I have two Autistic children.
When I say that, most people assume the response I desire from them is something along the lines of "I'm so sorry, that must be really hard".
I can understand why they think that is the expected response, because if you look at what is usually published in the mainstream media, on blogs and around social media, the message is overwhelmingly that Autism is a tragedy and a burden that causes suffering in the lives of parents unfortunate enough to have an Autistic child.
But I am here to tell you that when I say I have Autistic children, sympathy is not what I am looking for.
There is a side to Autism that not many parents talk about. The usual stories about parenting Autistic children that are published by the media generally focus on how hard the parents life is, how difficult the Autistic child makes day to day activities, and how much the parent suffers as a result of this.
The people who tell these stories- parents and professionals, "autism experts" and advocates- are not advocating for the needs and rights of Autistic people. They are telling the stories of parents looking for your pity.
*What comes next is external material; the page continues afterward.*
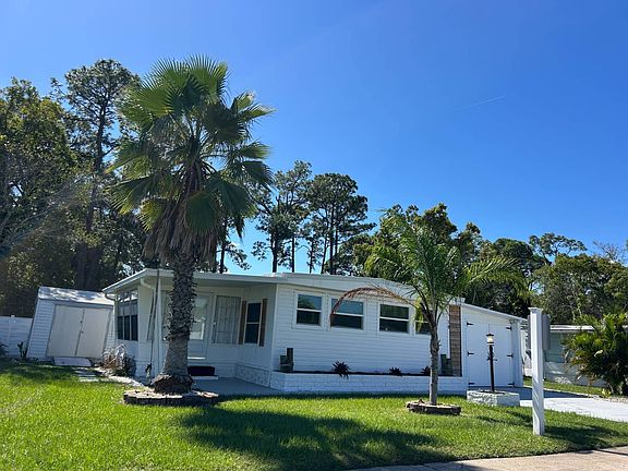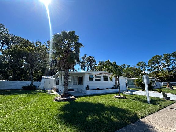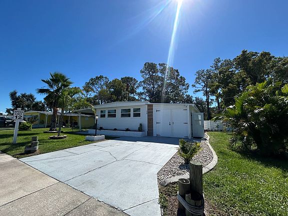 This cute clean two bedroom one and a half bath is a must see in a 55+ community with a clubhouse and pool. A spacious home that comes with an all weather Florida room with A/C. Great for entertaining, a new garage that was built up to hurricane code it's great for jet skis, small boat, motorcycles, cars, whatever your needs maybe. There's also an extra large laundry room attached to the garage that makes it very convenient. This home has plenty of storage spaces, there's a large shed with a Ramp & wide doors on side of property for extra storage. New A/C & duct work 2023, New hurricane code windows in the living & dining area, There is a well for the sprinkler system, it also can be plumbed to the main house for water supply. Kitchen has newer appliances, lots of cabinets & space great for cooking. Close to restaurants, shopping, medical, and minutes to the beaches and boat ramp. Make this cute little gem you're forever home or winter retreat. This home never flooded. Owners are motivated. Base lot rent is $1184-1207 depending on the lot. Additional fees are $16 Lawn care & $16.74 pass through taxes. ALL INFORMATION DEEMED ACCURATE BUT NOT GUARANTEED. Additional fees for amenities may apply. Agent and or Company is not responsible for quoting current monthly fees, lot rent, or dues/fees associated with the community or home. Those figures are the responsibility of the buyer and community manager/owner to obtain/ disclose.

They do not have the best interests of Autistic people in mind when they spread their heart wrenching stories of "autism awareness". They are trying to get you to feel sadness, fear and guilt so that you will give money to their fundraising efforts.
There is a growing group of parents in Australia, and around the world, that wants to challenge this. Groups and organisations are forming and growing, like Autistic Family Collective, Respectfully Connected, and Autistic Rights Australia.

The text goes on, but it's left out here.